The foregoing is only preferred embodiment of the present invention, not in order to limit the present invention, all any modifications of doing within the spirit and principles in the present invention, be equal to and replace and improvement etc., within all should being included in protection scope of the present invention.

Claims

1. a method for the Mongol phonetic synthesis based on HMM, is characterized in that, the method for being somebody's turn to do the Mongol phonetic synthesis based on HMM comprises the following steps:

2. the method for the Mongol phonetic synthesis based on HMM as claimed in claim 1, is characterized in that, the method for being somebody's turn to do the Mongol phonetic synthesis based on HMM is divided into training stage and synthesis phase.

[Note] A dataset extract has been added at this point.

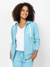 Damska bluza z kapturem, zamkiem błyskawicznym, prążkowanym dołem i mankietami oraz logo marki z przodu. Połącz ją z naszymi spodniami ZARIVAS26 lub ZOBERTA. Materiał: 58% bawełna,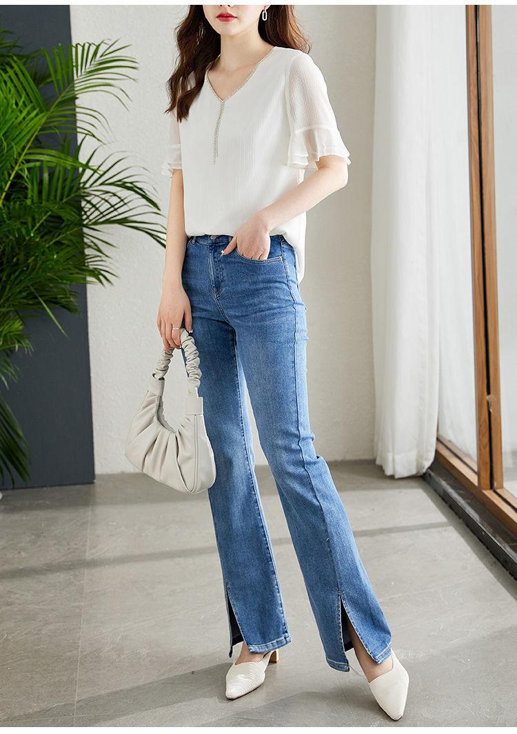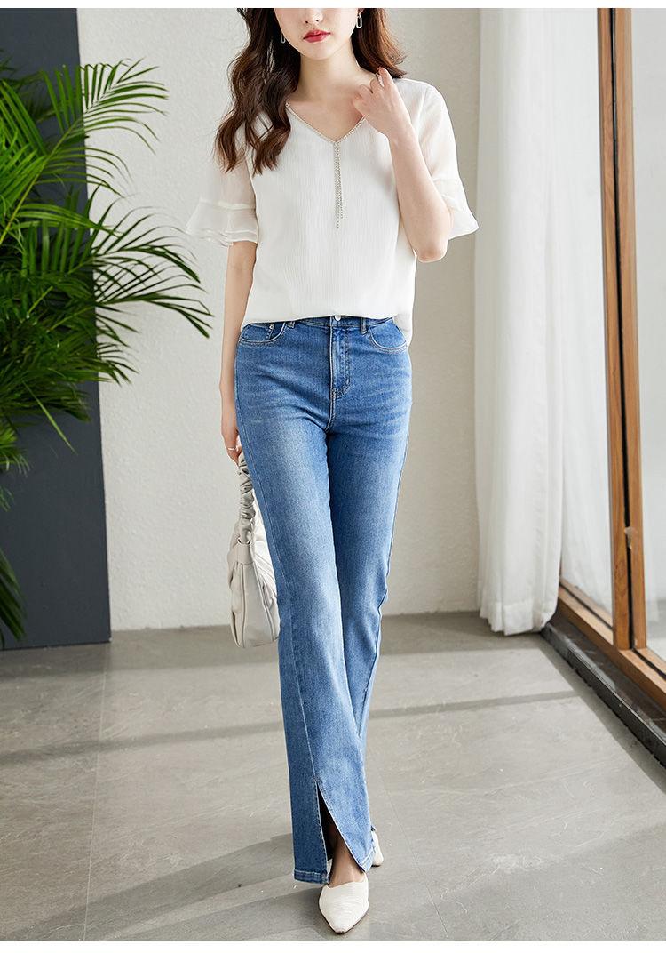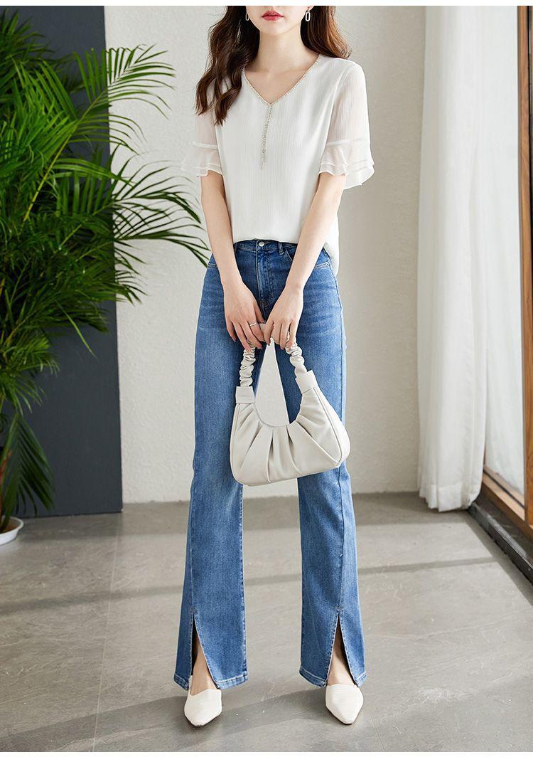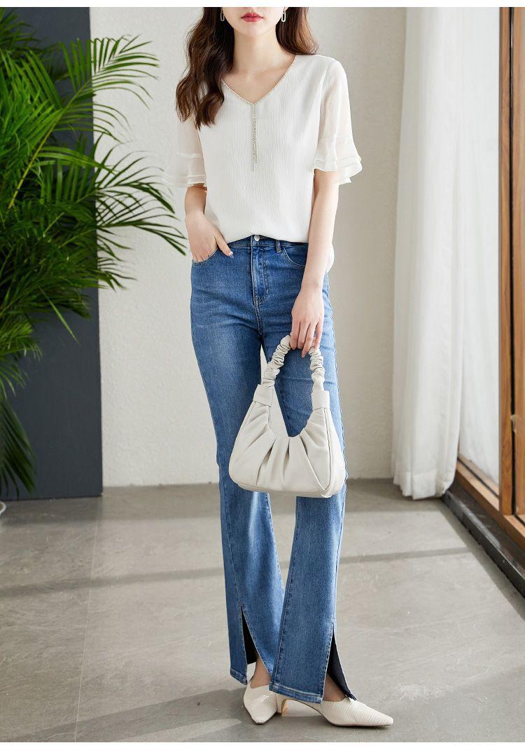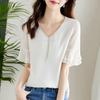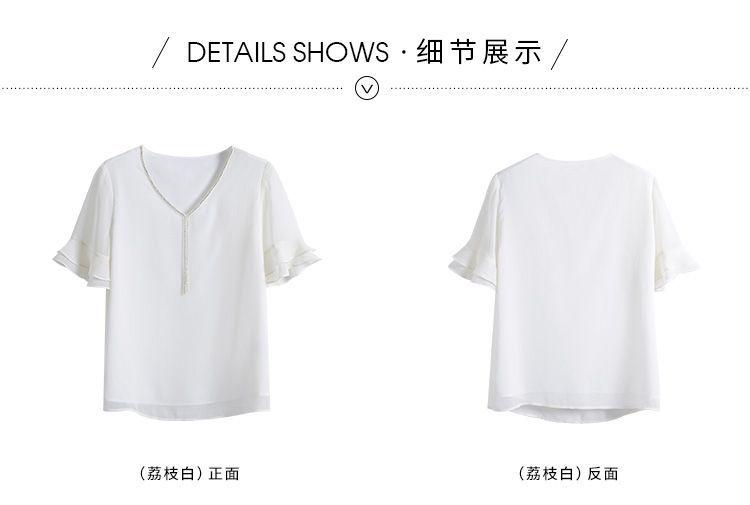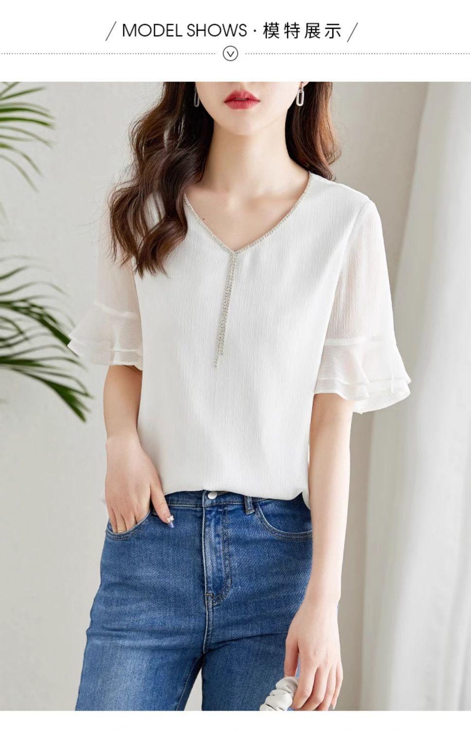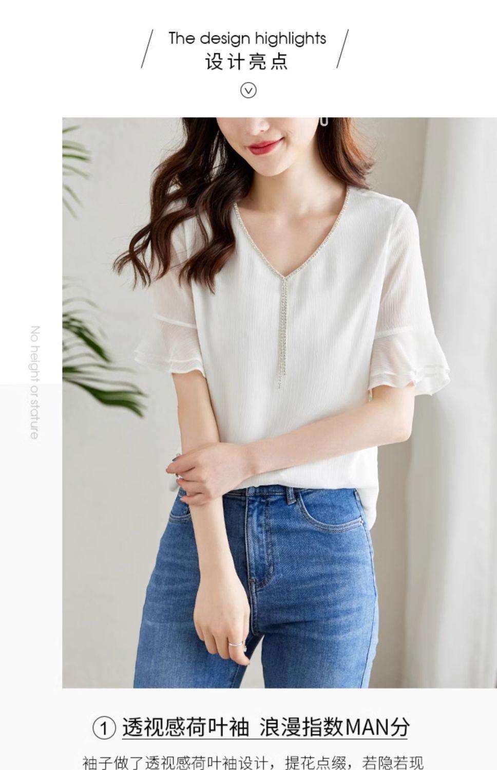 Camisa de Gasa con Cuello en V y Manga con Volantes para Mujer Verano 2025 Nueva Holgada Cubre Vientre Adelgazante Top Blanco Super Hada Camisa Trendy

3. the method for the Mongol phonetic synthesis based on HMM as claimed in claim 1, is characterized in that, in step 2, spectrum argument section adopts continuous probability distribution HMM to carry out modeling, and fundamental frequency partly adopts many spatial probability distribution HMM.

4. a method for the Mongol phonetic synthesis front-end processing based on HMM, is characterized in that, the method for being somebody's turn to do the Mongol phonetic synthesis front-end processing based on HMM comprises the following steps:

Second step, arrives latin transliteration by rule by Mongolian transcription;

The 8th step, processes and obtains synthetic required text formatting.

5. the method for the Mongol phonetic synthesis front-end processing based on HMM as claimed in claim 4, is characterized in that, in step 1, Mongolian is carried out special character and comprised numeral, punctuation marks used to enclose the title character.